* Task directions *
Drop every image, then reproduce the data exactly as given.
────────────────────
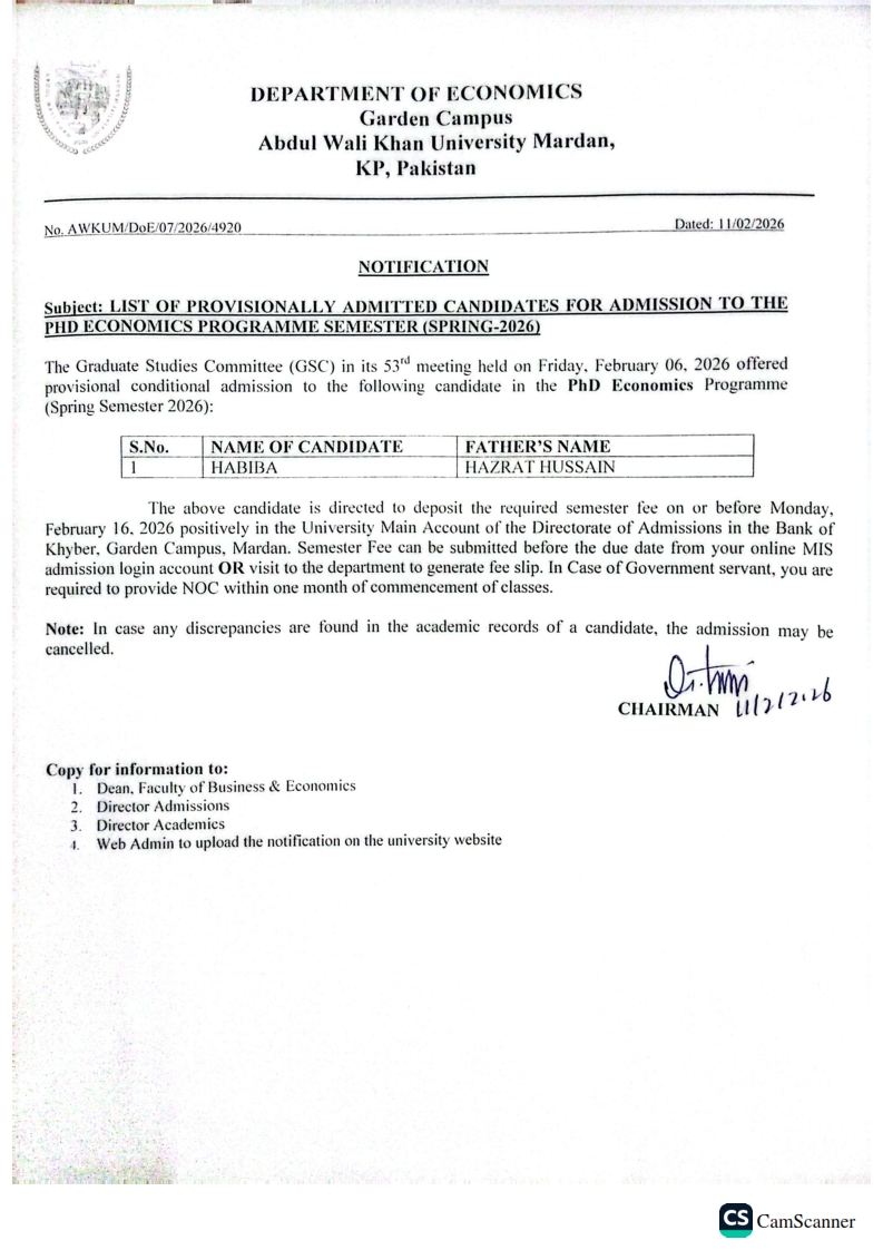 The anticipation is over as Abdul Wali Khan University Mardan releases the official PhD Economics admission list for Spring 2026, marking a milestone moment for aspiring researchers nationwide. Students who have been eagerly waiting for the MS Economics Spring 2026 and MPhil Public Policy & Governance outcomes can now celebrate their progression toward advanced academic goals. This announcement from the Department of Economics at Garden Campus is a testament to academic merit and commitment to educational excellence in KP, Pakistan.
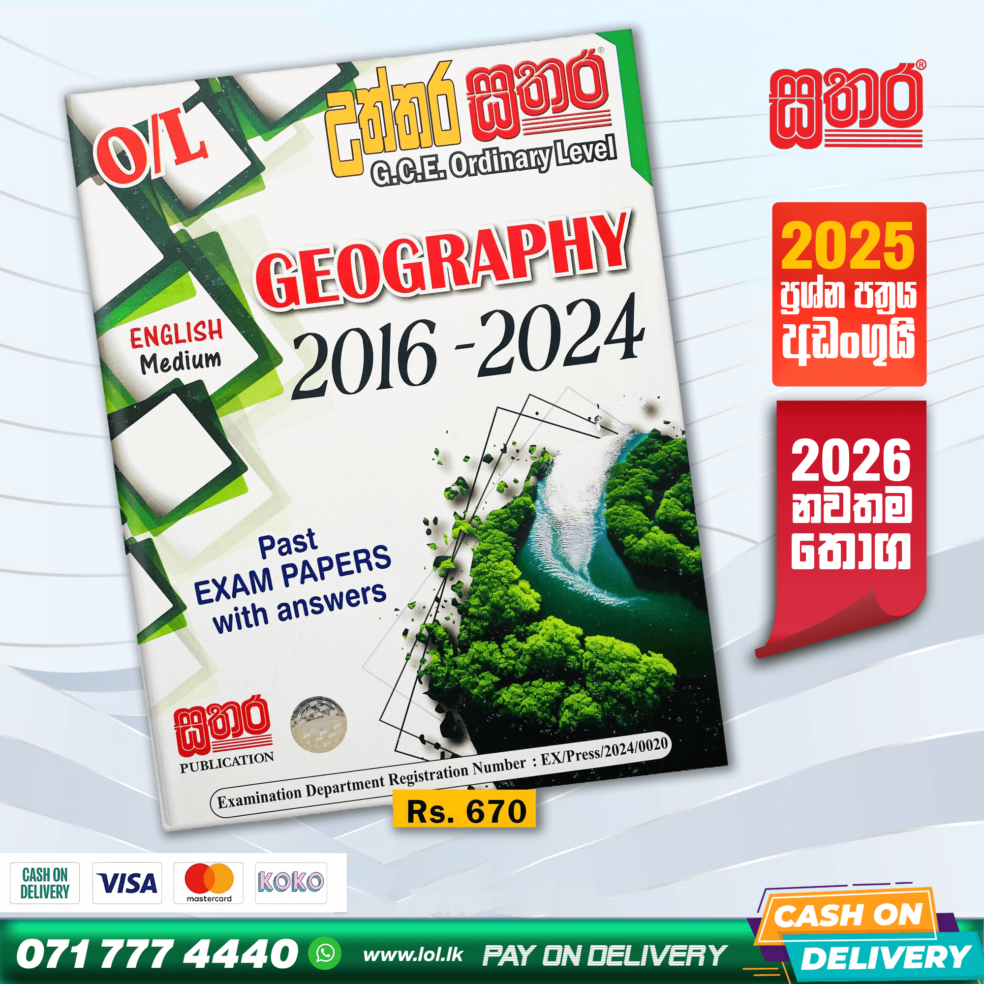 The new Sathara Publishers GCE O/L Geography(English Medium) book with past papers from 2016 – 2024 and correct answers. Available from November 2025. Order online now. Island-wide Cash on Delivery (COD) with the lowest delivery fees. We have papers for all subjects.
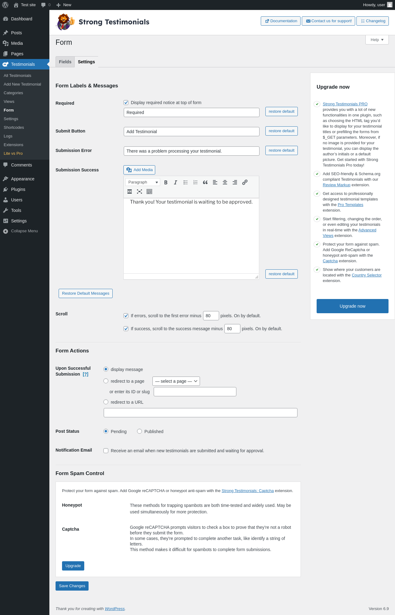 Does Strong Testimonials work with WordPress 6.9 and PHP 8.1.12? A smoke test was performed on .
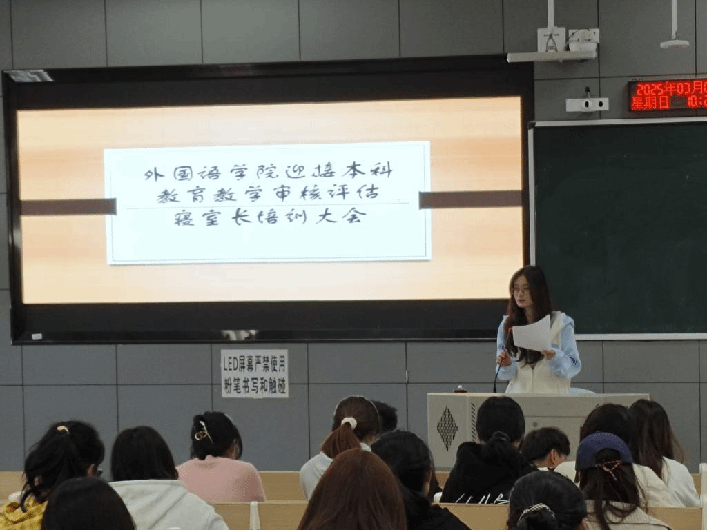 此次培训大会的召开,标志着外国语学院迎接本科教育教学审核评估工作进入全面攻坚阶段。与会寝室长纷纷表示,将认真贯彻落实会议精神,以更高的标准、更实的举措做好宿舍管理工作,为学校顺利通过本科教育教学审核评估贡献力量。
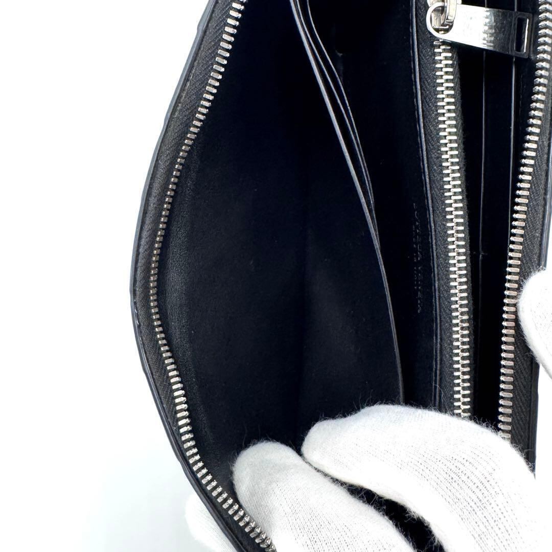 No.469 希少レア☆【超美品】ボッテガヴェネタ マキシイントレチャート 長財布 ラウンドジップウォレット ブラック RFID有 メンズ レディース ユニセックス
────────────────────
* Final answer *
 The anticipation is over as Abdul Wali Khan University Mardan releases the official PhD Economics admission list for Spring 2026, marking a milestone moment for aspiring researchers nationwide. Students who have been eagerly waiting for the MS Economics Spring 2026 and MPhil Public Policy & Governance outcomes can now celebrate their progression toward advanced academic goals. This announcement from the Department of Economics at Garden Campus is a testament to academic merit and commitment to educational excellence in KP, Pakistan.
 The new Sathara Publishers GCE O/L Geography(English Medium) book with past papers from 2016 – 2024 and correct answers. Available from November 2025. Order online now. Island-wide Cash on Delivery (COD) with the lowest delivery fees. We have papers for all subjects.
 Does Strong Testimonials work with WordPress 6.9 and PHP 8.1.12? A smoke test was performed on .
 此次培训大会的召开,标志着外国语学院迎接本科教育教学审核评估工作进入全面攻坚阶段。与会寝室长纷纷表示,将认真贯彻落实会议精神,以更高的标准、更实的举措做好宿舍管理工作,为学校顺利通过本科教育教学审核评估贡献力量。
 No.469 希少レア☆【超美品】ボッテガヴェネタ マキシイントレチャート 長財布 ラウンドジップウォレット ブラック RFID有 メンズ レディース ユニセックス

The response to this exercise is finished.